Many apps require their users to log in before using the app. In some cases (for example, social media apps), users only need to log in once and the app keeps those credentials until they are changed elsewhere. In other cases (for example, banking apps), users need to log in and enter their passwords every time they open the app.
When building an app, you need to balance security with usability.
Requiring a password to enter an app increases security but also increases friction. Biometrics like Touch ID or Face ID make this easier on the user but can complicate the user experience. You need to design when biometrics will be used, how it interacts with your username-and-password-based login screen, and what to do when biometrics fail or are unavailable.
Protect user-generated information
Apps are built to handle user-generated information.
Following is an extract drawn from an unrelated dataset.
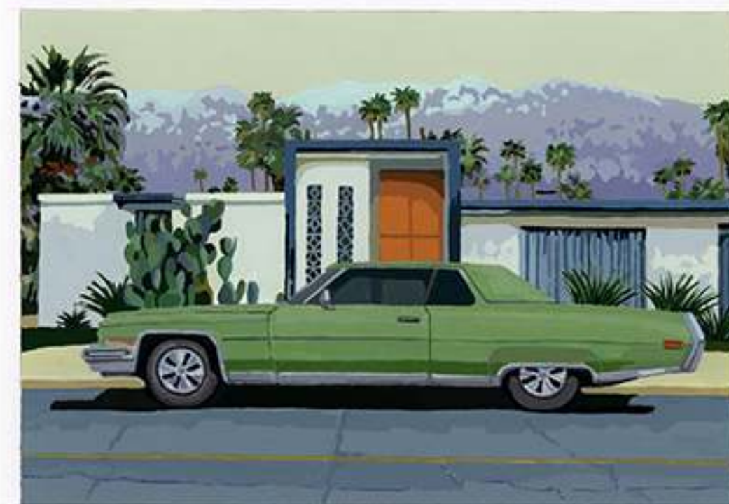
ANDY BURGESS Study for 1972 Cadillac, Palm Springs, 2014 Gouache on Paper 4 x 6 in

This can be any data that the user enters into the app. This can also include any information related to the user that gets pulled down from the network.
If the information is stored on the device, you should use the highest encryption setting possible given other requirements (see this article for details).
Be aware that the networking subsystem of your app may cache network requests and responses. If this contains sensitive data, you will need to adjust your cache policy or encrypt the cache. Usernames, passwords, cryptographic keys, and other highly sensitive data should only be stored in secure storage, like the iOS Keychain.
Most apps communicate over the internet with a server. Therefore, keeping data secure while being transferred across the internet is important.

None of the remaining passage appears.